Unnamed: 0,look_frac,n,P(lift>0),P(lift>1pp),success_stop_(>=0.95),futility_stop_(<=0.10)
0,0.25,12500,1.0,1.0,True,False
1,0.5,25000,1.0,1.0,True,False
2,0.75,37500,1.0,1.0,True,False
3,1.0,50000,1.0,1.0,True,False


## 7) Heterogeneous effects (who responds?)

A senior-level addition: quantify where the lift comes from.

Here we do a simple segment cut (PS+ membership and spend tier).
In real work you can extend this to uplift models / causal forests.


In [11]:
seg = (df
       .groupby(["ps_plus_member","spend_tier","treatment"])["ps5_purchase_30d"]
       .mean()
       .unstack())
seg["abs_lift"] = seg[1] - seg[0]
seg.sort_values("abs_lift", ascending=False).head(12)


Unnamed: 0_level_0,treatment,0,1,abs_lift
ps_plus_member,spend_tier,Unnamed: 2_level_1,Unnamed: 3_level_1,Unnamed: 4_level_1
1,S1_low,0.164499,0.226961,0.062461
1,S4_vhigh,0.20601,0.262057,0.056047
1,S3_high,0.200644,0.251868,0.051224
1,S2_mid,0.206101,0.255267,0.049165
0,S2_mid,0.156806,0.186361,0.029555
0,S1_low,0.140758,0.161836,0.021078
0,S3_high,0.166184,0.182267,0.016083
0,S4_vhigh,0.174412,0.185369,0.010957


## Executive Summary

- **Primary result (30-day PS5 conversion):**  
  Control = **17.51%**, Treatment = **21.05%**, Lift = **+3.53 pp** (p < 1e-6, effectively ~0).

- **Bayesian:**  
  **P(lift > 0) = 1.00**, 95% credible interval = **[+2.84 pp, +4.22 pp]**.

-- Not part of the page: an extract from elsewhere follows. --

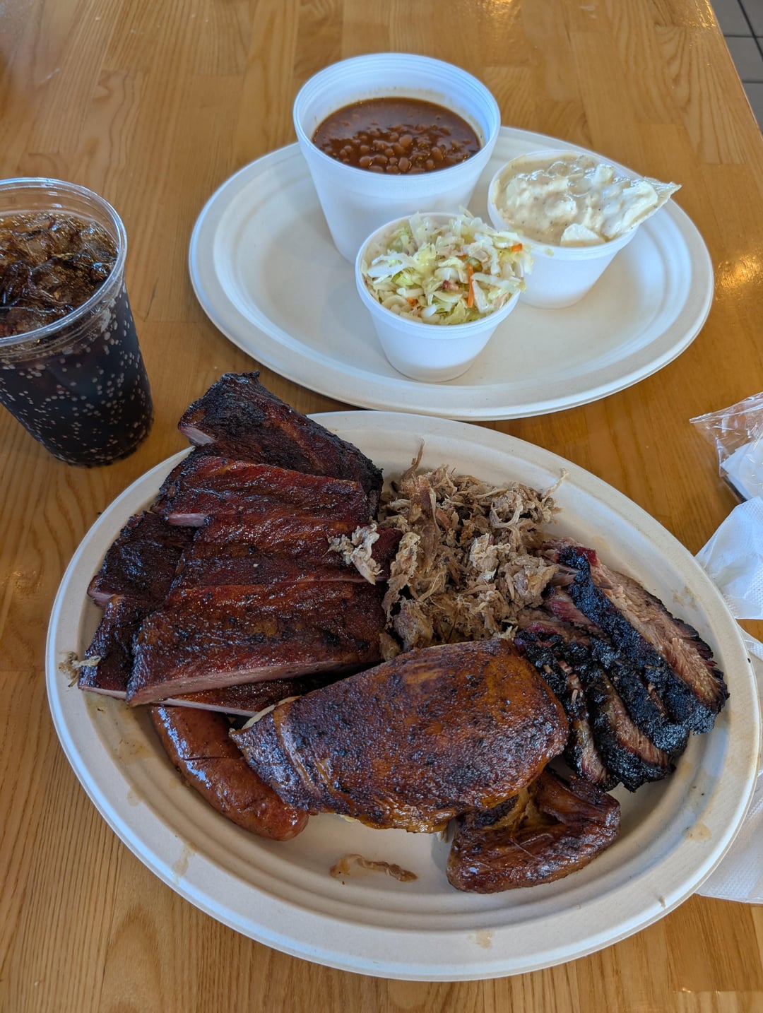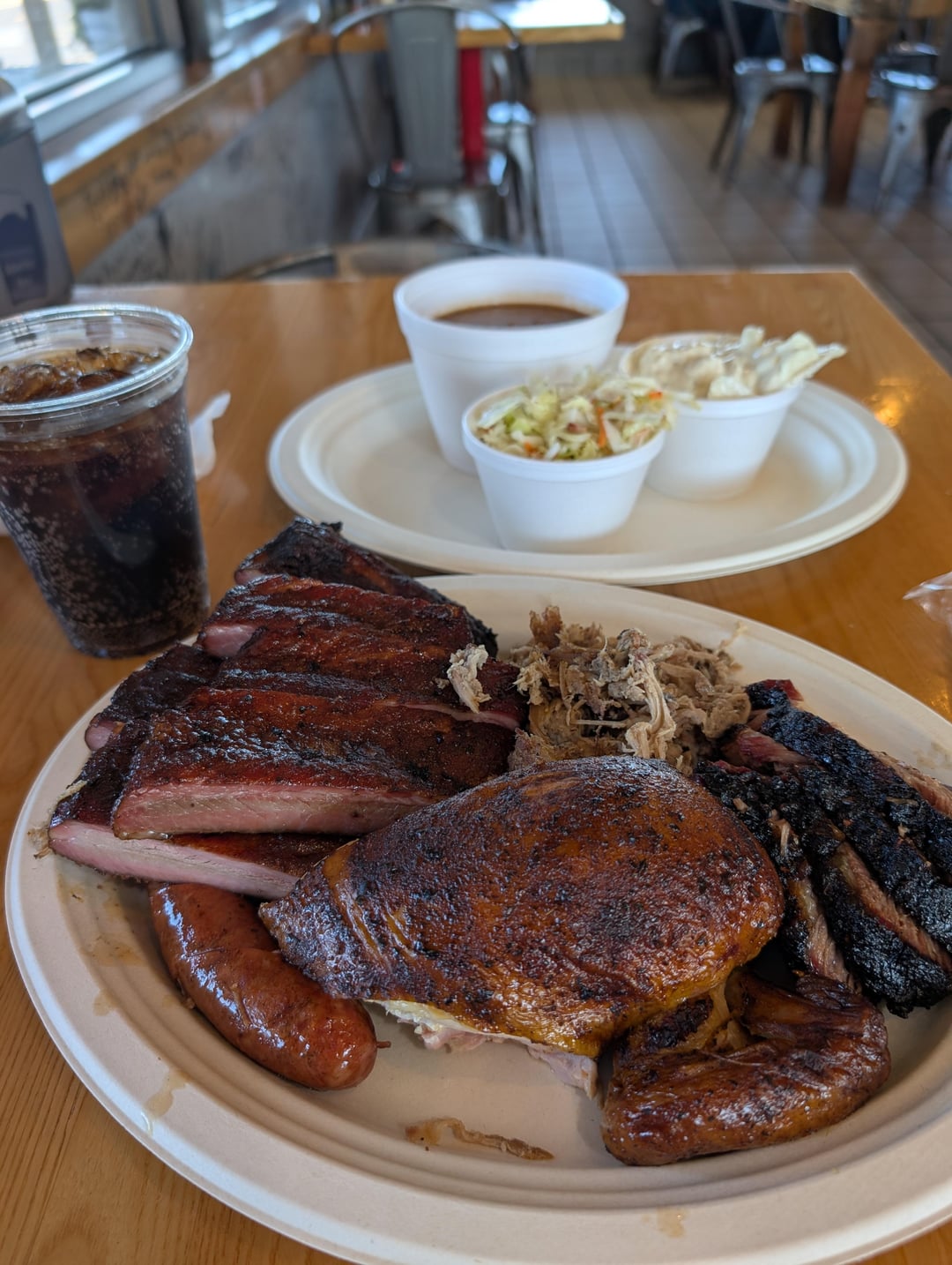 There’s a place in Napa CA called Bounty Hunter where you can get two meals worth of food for $50. It is not exactly elite level bbq, but it is pretty good and the price is right. Plus they have a full bar.
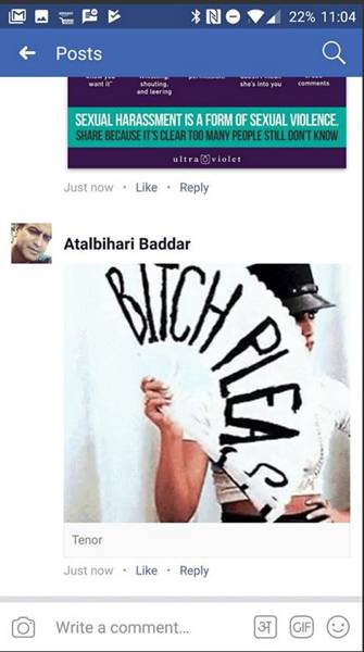 इसी कड़ी में मिताली ने भी फेसबुक पर पोस्ट किया , लेकिन अटल बिहारी बड्डर और अल्पेश रावल ने इसका मजाक उड़ाना शुरू कर दिया. मिताली को ही दोनों ने गाली देना शुरू कर दिया. इतना ही नहीं, फेसबुक पर जिन लोगों ने मिताली का समर्थन किया, उन महिलाओं के खिलाफ भी असभ्य टिप्पणी की गईं और गालियां दी गईं.

- **Revenue impact (60-day):**  
  **+$9.51 per user** (CUPED-adjusted), 95% CI = **[$8.57, $10.45]**.

- **Guardrails:**  
  Unsubscribe **+0.31 pp**, Opt-out **+0.54 pp** (small increases; monitor against internal thresholds).

- **Segments:**  
  Strongest lift in **PS+ members with low spend (S1_low): +6.25 pp**.  
  PS+ members across tiers also show strong lift (~+4.9 to +5.6 pp).

- **Decision:**  
  **Ship** with guardrail monitoring.  
  **Next test:** Optimize messaging frequency/creative for non-PS+ users, and test incentive variants for PS+ low spend to maximize lift while controlling opt-outs.